═════ DATA FOR ANALYSIS

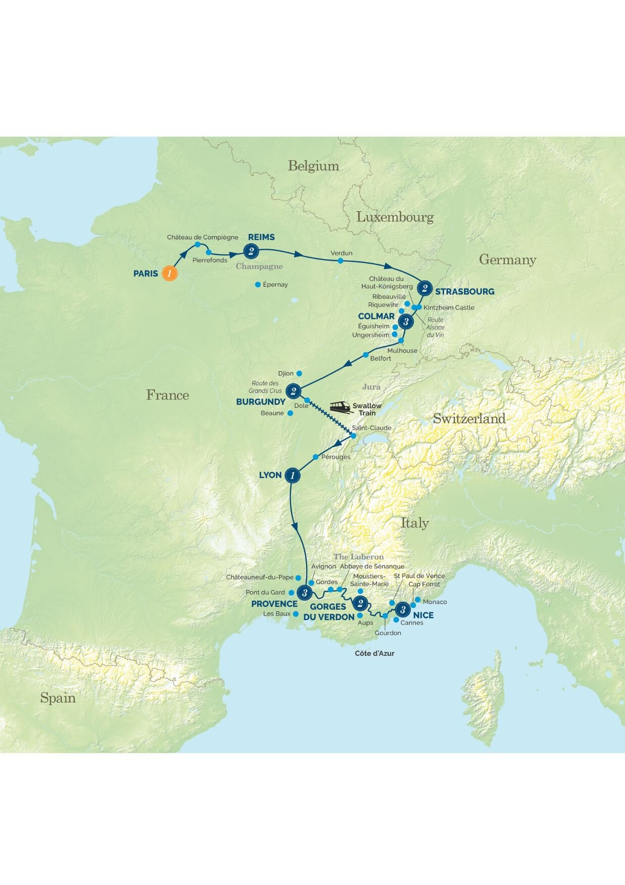 You will explore grand royal châteaux, wander medieval villages lined with half-timbered houses and seemingly untouched by time, savour world‑class wines in ancient vineyards, and stand in places where history changed the course of nations. From Champagne country to the poignant battlefields of Verdun, from the colourful canals of Colmar to the dramatic cliffs of the Verdon Gorge, and finally to the shimmering Mediterranean shores of Nice -each day offers a new experience, paints a new story, and adds a new memory to treasure. With carefully selected hotels in exceptional locations, gourmet dining, breathtaking scenery, and a balance of included guided experiences and personal ‘My Time’, this journey invites you to simply relax, immerse yourself, and enjoy the splendour of France. All done the Albatross Way!
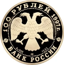 I. Bilibin's two-headed eagle design. Rim inscriptions: top—"100 РУБЛЕЙ 1997" (100 ROUBLES 1997), bottom—"БАНК РОССИИ" (BANK OF RUSSIA). Letters below denote the metal, fineness, weight, and mint mark.
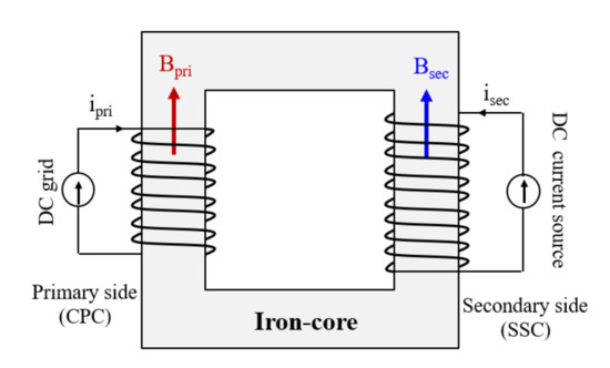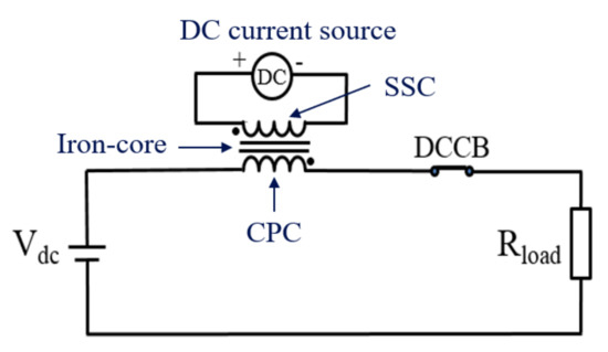 The designed structure of the SI-SFCL described in Figure 4 includes one CPC directly connected to the DC power system, one rectangular-shaped iron-core, and one excitation SSC supplied the current by a DC bias source. The CPC and SSC generate magnetic fields in opposite directions.
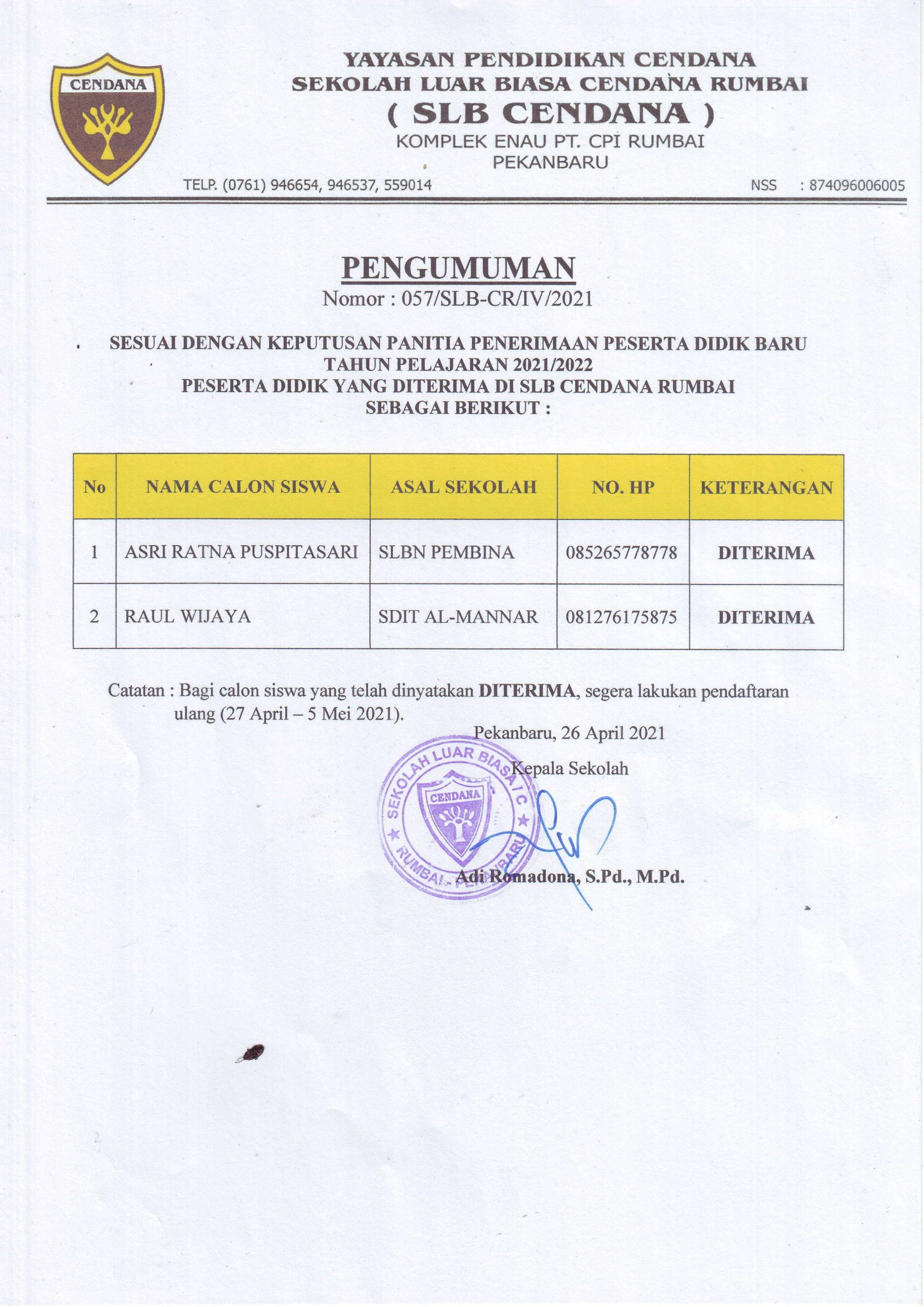 Category: Pengumuman Distrik RumbaiBy Admin YPC RiauSelasa, 27 April 2021Leave a commentShare this post Share on FacebookShare on Facebook Share on XShare on X Pin itShare on Pinterest Share on LinkedInShare on LinkedIn Share on WhatsAppShare on WhatsAppPost navigationPreviousPrevious post:“RAMADHAN PROJECT BERBAGI TAKJIL” APLIKASI NILAI PEDULI SOSIAL EKSKUL ROHIS SMA CENDANA MANDAUNextNext post:Hasil Seleksi PPDB Gelombang I SMP Cendana Mandau Tahun Pelajaran 2021/2022Berita TerkaitHasil Seleksi PPDB Gelombang I Paud Cendana Rumbai Tahun Pelajaran 2021/2022Rabu, 28 April 2021Hasil Seleksi PPDB Gelombang I SMA Cendana Pekanbaru Tahun Pelajaran 2021/2022Rabu, 28 April 2021Hasil Seleksi PPDB Gelombang I SD Cendana Rumbai Tahun Pelajaran 2021/2022Selasa, 27 April 2021
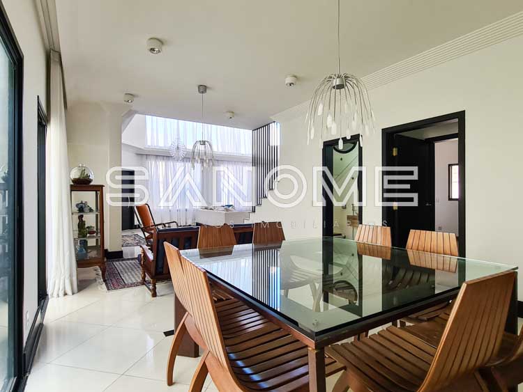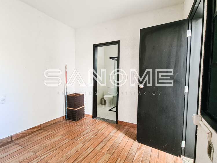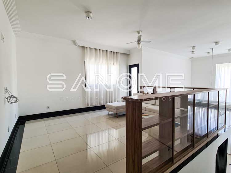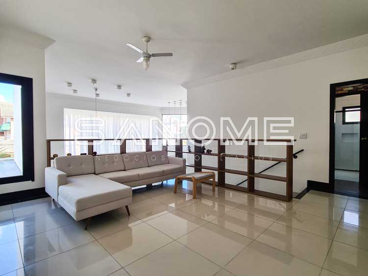 Piso superior: Sala íntima com varanda + 3 suítes.
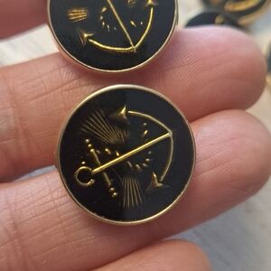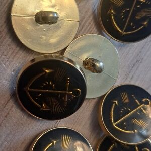 These buttons offer a touch of nautical charm with their classic anchor design. The combination of black and gold creates a striking visual contrast, perfect for adding a sophisticated yet seaworthy accent to various garments and crafts. Crafted from durable plastic, these buttons are not only aesthetically pleasing but also practical for everyday use. Their size and design make them versatile enough for a range of applications, from embellishing blazers and pea coats to adorning bags and decorative projects.
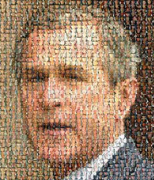 Geroge W. Bush mosaic made of dead soldier photoes An American artist has created a mosaic of US President George W. Bush's image.
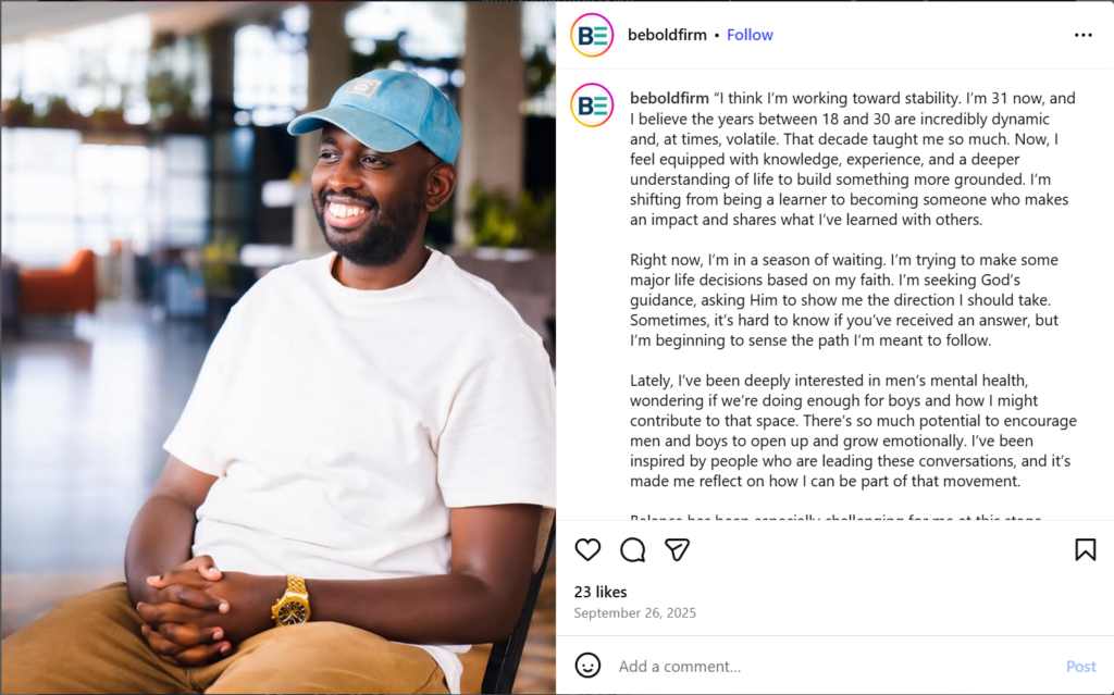 Strategically, the series strengthens BE BOLD’s commitment to meaningful communication. Bold Voices is not about spectacle; it is about resonance. It demonstrates how storytelling can build connection within Kigali’s creative and professional communities and beyond. By pairing thoughtful copy with compelling imagery, we transform everyday reflections into conversations that travel—across timelines, across communities, and across generations.
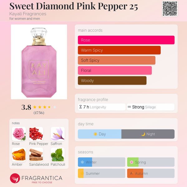 الوصف العربي: عطر سويت دياموند بينك بيبر | 25 هو مزيج جريء ومثير يجمع بين فلفل وردي وزعفران متوهّج، مع نعومة الورد البلغاري وزهرة الليلي الملكية. تأخذك تركيبته العطرية إلى أجواء فاخرة ومليئة بالطاقة، وتستقر على قاعدة خشب الصندل، المسك الحسي، والعنبر الذهبي لتمنحك حضورًا مميزًا يدوم طويلًا.
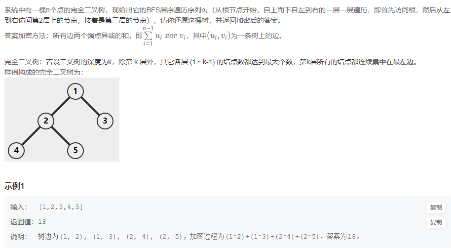long res=0;public long tree1 (int[] a) {if(a==null||a.length==0)return 0;TreeNode root = build(a, 1);getSum(root);return res;}private TreeNode build(int[]a,int index){if(index>a.length)return null;TreeNode treeNode = new TreeNode(a[index-1]);//二叉树性质,左节点等于父节点位置*2 注意不能使用(索引+1)*2,如果从0开始//(0+1)*2导致下一个访问的索引为2treeNode.left=build(a,index*2);treeNode.right=build(a,index*2+1);return treeNode;}private void getSum(TreeNode root){if(root==null)return;if(root.left!=null)res+=root.val^root.left.val;if(root.right!=null)res+=root.val^root.right.val;getSum(root.left);getSum(root.right);}
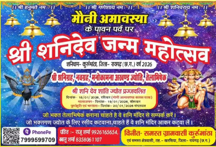कुरुंभांठा में श्री शनिदेव जन्म महोत्सव का भव्य आयोजन, क्षेत्र भर के श्रद्धालु होंगे शामिलJanuary 17, 2026छत्तीसगढ़, रायगढ़
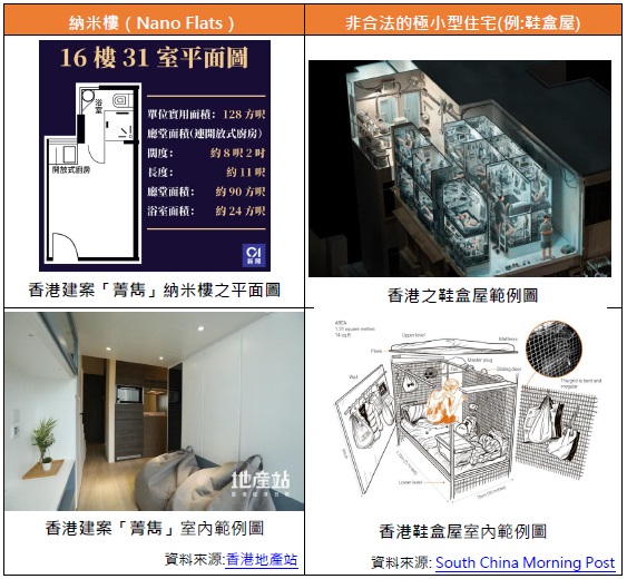 「在香港,極小型住宅可分為合法的『納米樓』以及非法或不符合標準的『劏房』、『籠屋』或者中國的『中國城中村群租房』。 納米樓(Nano Flats)指的是使用面積小於200平方呎(約18.5平方公尺)的住宅,這種住房形式最早於2010年代興起,主要因應市場對負擔得起的房屋需求。 而這些不合法的建物通常使用面積未經規範,僅有的極端狹小空間,居住環境惡劣,甚至影響居住者健康與安全。
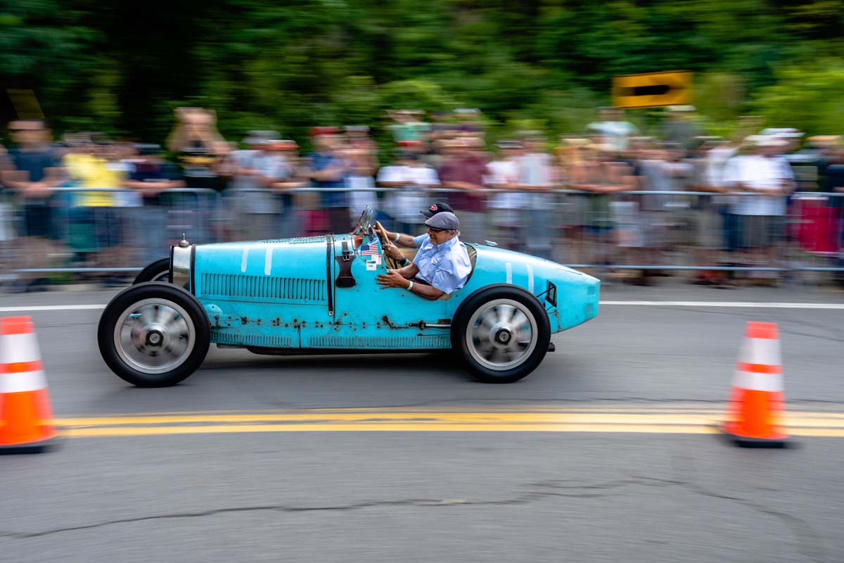 The racing was split over two days at Watkins Glen International, with a large crowd of enthusiastic spectators cheering on the Bugatti legends on the circuit. The experience afforded many of them the opportunity to transport themselves back to a time more than eight decades in the past, witnessing the spectacle that racegoers of the 1920s and ’30s might have enjoyed, watching Robert Benoist, Louis Chiron, Pierre Veyron or Rene Dreyfus wrestle their Bugattis through sweeping bends and powering them down long straights.
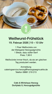 Mit Weißwürsten von der Metzgerei Herzogsägmühle – immer frisch, da sie am gleichen Tag produziert werden.
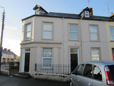 Terraced two-bay two-storey house with dormer attic, built c.1910. Slate roof with red brick chimneystack. Smooth rendered lined and ruled walls with smooth rendered plinth course. Slate hanging to sides of dormer window. Square-headed window openings with replacement uPVC windows, moulded render surrounds with keystone details, and painted sills. Square-headed door opening with moulded surround, timber panelled door with overlight, and moulded surround. Small garden to front, bounded by rendered plinth wall with wrought-iron railings and pedestrian gate.
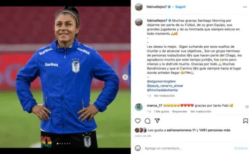 En su cuenta de Instagram, la argentina publicó un sentido mensaje antes de despedirse de sus compañeras. “Muchas gracias Santiago Morning por dejarme ser parte de su fútbol, de su gran equipo, sus grandes jugadoras y de su hinchada que siempre estuvo en todo momento”, manifestó.
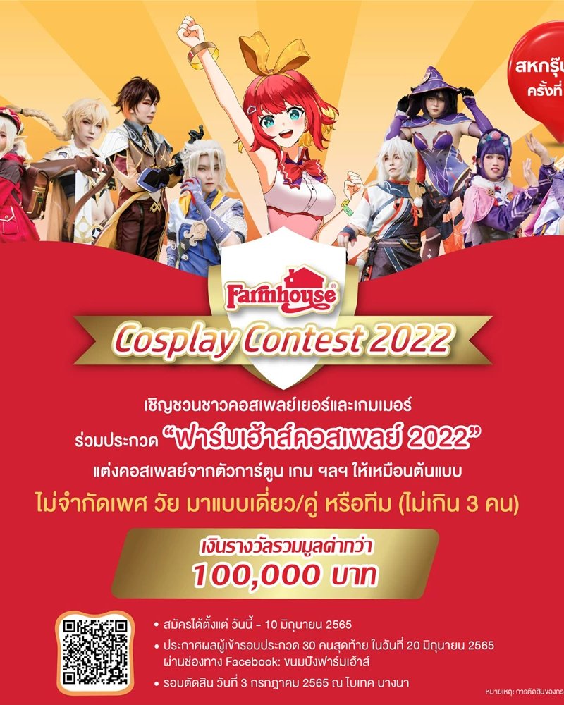 สาวกคอสเพลย์เยอร์และเกมเมอร์ เตรียมตัวให้พร้อม “ฟาร์มเฮ้าส์” เปิดเวทีจัด Farmhouse Cosplay Contest 2022 แข่งขันประกวดคอสเพลย์ จากการ์ตูน เกม ฯลฯ ให้เหมือนต้นแบบ ไม่จำกัดเพศและวัย เงินรางวัลรวมกว่า 100,000 บาท ในวันที่ 3 กรกฎาคม 2565 (ภายในงานสหกรุ๊ปแฟร์ ครั้งที่ 26) เวลา 13.00 น. ณ เวทีกลาง ไบเทคบางนา ส่งใบสมัครได้ที่ Line:
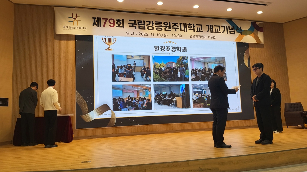 이번 인증은 제79회 국립강릉원주대학교 개교기념식(2025년 11월 11일)에서 박덕영 총장님으로부터 함광민 학과장님이 대표로 수여받았습니다.

══════════

● EXERCISE BRIEF: Every record above must be given again exactly; drop the pictures.

● TASK RESULT:
 You will explore grand royal châteaux, wander medieval villages lined with half-timbered houses and seemingly untouched by time, savour world‑class wines in ancient vineyards, and stand in places where history changed the course of nations. From Champagne country to the poignant battlefields of Verdun, from the colourful canals of Colmar to the dramatic cliffs of the Verdon Gorge, and finally to the shimmering Mediterranean shores of Nice -each day offers a new experience, paints a new story, and adds a new memory to treasure. With carefully selected hotels in exceptional locations, gourmet dining, breathtaking scenery, and a balance of included guided experiences and personal ‘My Time’, this journey invites you to simply relax, immerse yourself, and enjoy the splendour of France. All done the Albatross Way!
 I. Bilibin's two-headed eagle design. Rim inscriptions: top—"100 РУБЛЕЙ 1997" (100 ROUBLES 1997), bottom—"БАНК РОССИИ" (BANK OF RUSSIA). Letters below denote the metal, fineness, weight, and mint mark.
 The designed structure of the SI-SFCL described in Figure 4 includes one CPC directly connected to the DC power system, one rectangular-shaped iron-core, and one excitation SSC supplied the current by a DC bias source. The CPC and SSC generate magnetic fields in opposite directions.
 Category: Pengumuman Distrik RumbaiBy Admin YPC RiauSelasa, 27 April 2021Leave a commentShare this post Share on FacebookShare on Facebook Share on XShare on X Pin itShare on Pinterest Share on LinkedInShare on LinkedIn Share on WhatsAppShare on WhatsAppPost navigationPreviousPrevious post:“RAMADHAN PROJECT BERBAGI TAKJIL” APLIKASI NILAI PEDULI SOSIAL EKSKUL ROHIS SMA CENDANA MANDAUNextNext post:Hasil Seleksi PPDB Gelombang I SMP Cendana Mandau Tahun Pelajaran 2021/2022Berita TerkaitHasil Seleksi PPDB Gelombang I Paud Cendana Rumbai Tahun Pelajaran 2021/2022Rabu, 28 April 2021Hasil Seleksi PPDB Gelombang I SMA Cendana Pekanbaru Tahun Pelajaran 2021/2022Rabu, 28 April 2021Hasil Seleksi PPDB Gelombang I SD Cendana Rumbai Tahun Pelajaran 2021/2022Selasa, 27 April 2021
 Piso superior: Sala íntima com varanda + 3 suítes.
 These buttons offer a touch of nautical charm with their classic anchor design. The combination of black and gold creates a striking visual contrast, perfect for adding a sophisticated yet seaworthy accent to various garments and crafts. Crafted from durable plastic, these buttons are not only aesthetically pleasing but also practical for everyday use. Their size and design make them versatile enough for a range of applications, from embellishing blazers and pea coats to adorning bags and decorative projects.
 Geroge W. Bush mosaic made of dead soldier photoes An American artist has created a mosaic of US President George W. Bush's image.
 Strategically, the series strengthens BE BOLD’s commitment to meaningful communication. Bold Voices is not about spectacle; it is about resonance. It demonstrates how storytelling can build connection within Kigali’s creative and professional communities and beyond. By pairing thoughtful copy with compelling imagery, we transform everyday reflections into conversations that travel—across timelines, across communities, and across generations.
 الوصف العربي: عطر سويت دياموند بينك بيبر | 25 هو مزيج جريء ومثير يجمع بين فلفل وردي وزعفران متوهّج، مع نعومة الورد البلغاري وزهرة الليلي الملكية. تأخذك تركيبته العطرية إلى أجواء فاخرة ومليئة بالطاقة، وتستقر على قاعدة خشب الصندل، المسك الحسي، والعنبر الذهبي لتمنحك حضورًا مميزًا يدوم طويلًا.
long res=0;public long tree1 (int[] a) {if(a==null||a.length==0)return 0;TreeNode root = build(a, 1);getSum(root);return res;}private TreeNode build(int[]a,int index){if(index>a.length)return null;TreeNode treeNode = new TreeNode(a[index-1]);//二叉树性质,左节点等于父节点位置*2 注意不能使用(索引+1)*2,如果从0开始//(0+1)*2导致下一个访问的索引为2treeNode.left=build(a,index*2);treeNode.right=build(a,index*2+1);return treeNode;}private void getSum(TreeNode root){if(root==null)return;if(root.left!=null)res+=root.val^root.left.val;if(root.right!=null)res+=root.val^root.right.val;getSum(root.left);getSum(root.right);}
कुरुंभांठा में श्री शनिदेव जन्म महोत्सव का भव्य आयोजन, क्षेत्र भर के श्रद्धालु होंगे शामिलJanuary 17, 2026छत्तीसगढ़, रायगढ़
 「在香港,極小型住宅可分為合法的『納米樓』以及非法或不符合標準的『劏房』、『籠屋』或者中國的『中國城中村群租房』。 納米樓(Nano Flats)指的是使用面積小於200平方呎(約18.5平方公尺)的住宅,這種住房形式最早於2010年代興起,主要因應市場對負擔得起的房屋需求。 而這些不合法的建物通常使用面積未經規範,僅有的極端狹小空間,居住環境惡劣,甚至影響居住者健康與安全。
 The racing was split over two days at Watkins Glen International, with a large crowd of enthusiastic spectators cheering on the Bugatti legends on the circuit. The experience afforded many of them the opportunity to transport themselves back to a time more than eight decades in the past, witnessing the spectacle that racegoers of the 1920s and ’30s might have enjoyed, watching Robert Benoist, Louis Chiron, Pierre Veyron or Rene Dreyfus wrestle their Bugattis through sweeping bends and powering them down long straights.
 Mit Weißwürsten von der Metzgerei Herzogsägmühle – immer frisch, da sie am gleichen Tag produziert werden.
 Terraced two-bay two-storey house with dormer attic, built c.1910. Slate roof with red brick chimneystack. Smooth rendered lined and ruled walls with smooth rendered plinth course. Slate hanging to sides of dormer window. Square-headed window openings with replacement uPVC windows, moulded render surrounds with keystone details, and painted sills. Square-headed door opening with moulded surround, timber panelled door with overlight, and moulded surround. Small garden to front, bounded by rendered plinth wall with wrought-iron railings and pedestrian gate.
 En su cuenta de Instagram, la argentina publicó un sentido mensaje antes de despedirse de sus compañeras. “Muchas gracias Santiago Morning por dejarme ser parte de su fútbol, de su gran equipo, sus grandes jugadoras y de su hinchada que siempre estuvo en todo momento”, manifestó.
 สาวกคอสเพลย์เยอร์และเกมเมอร์ เตรียมตัวให้พร้อม “ฟาร์มเฮ้าส์” เปิดเวทีจัด Farmhouse Cosplay Contest 2022 แข่งขันประกวดคอสเพลย์ จากการ์ตูน เกม ฯลฯ ให้เหมือนต้นแบบ ไม่จำกัดเพศและวัย เงินรางวัลรวมกว่า 100,000 บาท ในวันที่ 3 กรกฎาคม 2565 (ภายในงานสหกรุ๊ปแฟร์ ครั้งที่ 26) เวลา 13.00 น. ณ เวทีกลาง ไบเทคบางนา ส่งใบสมัครได้ที่ Line:
 이번 인증은 제79회 국립강릉원주대학교 개교기념식(2025년 11월 11일)에서 박덕영 총장님으로부터 함광민 학과장님이 대표로 수여받았습니다.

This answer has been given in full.